Kevät linnuille etelässä Op.11-1 |
南の国の春の鳥 |
Täält' etelästä sinne pohjolaan Jo kevätlinnut lentää laulamaan. On sydän heillä Suomen lapsillen Niin hellä,lämmin -- kyllä tunnen sen. Olette,linnut,täynnä lauluja, Suloa,rakkautta,sointuja Ja keväthenkeä -- ne kaikki,ne Myös lahjoittakaa Suomen lapsille. Ja lasten joukosta hän etsikää, Jok' uskollinen on ja ymmärtää. Hänelle tiukuttakaa erikseen Mun sydämmeni laulut sydämmeen. |
南の国から北の国へと向かい 春の鳥たちは歌いながら飛んでくる かれらの思いはスオミの子供たちに届く 本当にやさしく暖かく--ぼくはそう感じる お前たち 鳥よ 歌に溢れてる 優しさが 愛が ハーモニが そして春の息吹が--それらすべてを スオミの子供たちに届けておくれ ぼくはきみにお願いしたい 彼女を探してくれることを あの娘は誠実で 聡明なんだ 彼女には特別の歌を歌っておくれ ぼくの心をあの娘の心へ響かせておくれ |
フィンランドのメロディスト、オスカル・メリカントのとても素敵な春の歌です。
まるでシャンソンのように優美なメロディ、フィンランド語のやわらかい響きも生き生きとして、歌詞と共に実に印象深い歌になりました。短調のメロディで少し悲しげに歌われるのが少し不思議といえば不思議ですが、南の国からやってくる渡り鳥の姿を見ての春の喜びと、そして恋する人への届かぬ想いを歌っています。

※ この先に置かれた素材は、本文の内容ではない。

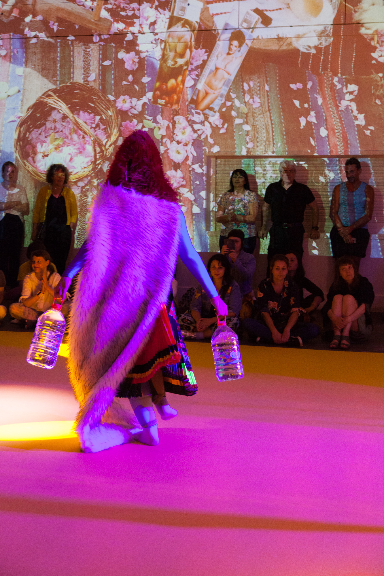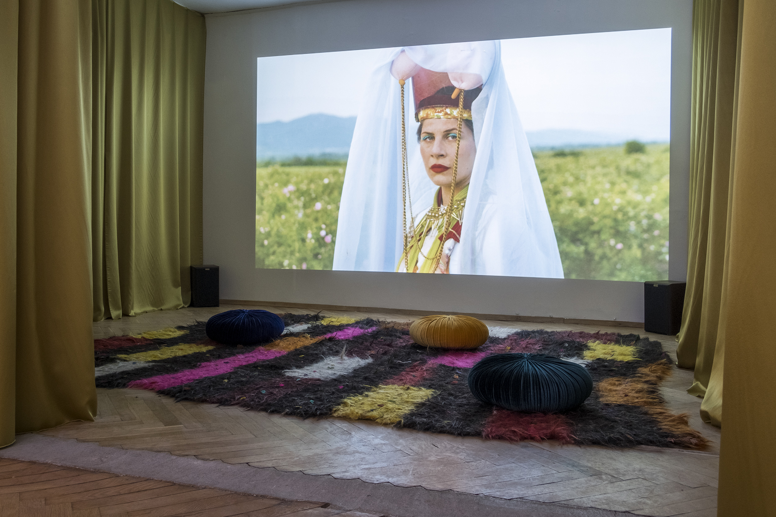 This new commission was presented as a performance within an immersive installation. Oval Space was transformed into a space suggestive of something between an ethnographic museum and a national embassy using heavy fabrics as well as acoustic panels made of raw sheeps' wool and domestic textiles. Coloured lighting dressed the space and a single video projection screen provides subtitles and moving images at various moments throughout the performance. The artist appeared clothed in an elaborate sculptural costume resembling a traditional ceremonial dress: a bricolage of hand-made elements and glamorous fabrics combined with everyday materials, topped off with a spectacular cascading headdress. Georgieva appeared almost as an object on ethnographic display on a rotating stage and sang a melancholic lament, adapted from her time in a Bulgarian folk singing masterclass. As the set progressed, elements of the costume were removed by other performers who placed them on museum like display stands.
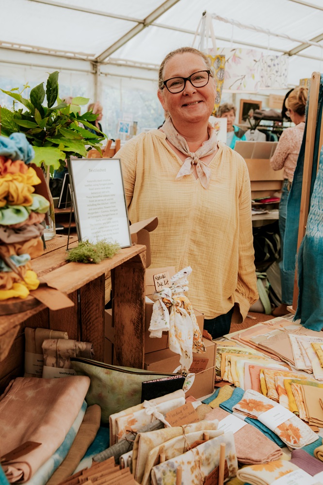 Gathering and foraging plants from around her studio and garden, she stays closely attuned to the rhythms of nature, letting them guide her creative process. As her dyes are drawn from the land around her, each one reflects the changing seasons. From scarves and bags to sewing kits, patchwork, and individually designed fabrics and wall art, each piece is a celebration of craftsmanship, sustainability, and the rich, earthy hues that emerge with natural dyeing techniques. Mary’s work reflects a deep respect for the land, the seasons, and the art of slow, intentional creativity.
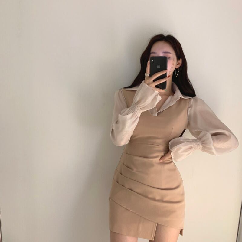 Flowerデザイン スリーブシャツ スリムプリーツドレス ショートスカート フラワーデザイン ICC_レディース0126176

バリトンのヒュンニネンの歌うメリカント歌曲集(Finlandia)、あるいはソプラノのマッティラの歌うフィンランド歌曲集(Ondine)などで聴くことができます。
「スオミ」といえばフィンランドの人々が自分の国を呼ぶときの言葉。わかりやすいように「フィンランドの」としても良かったのですけれども、やはりここでの歌の響きを聴くと無粋な「フィンランド(外国人が「さいはての地」と呼んでいる名)」を使うのは憚られましたのでちょっとこの言葉にこだわってみました。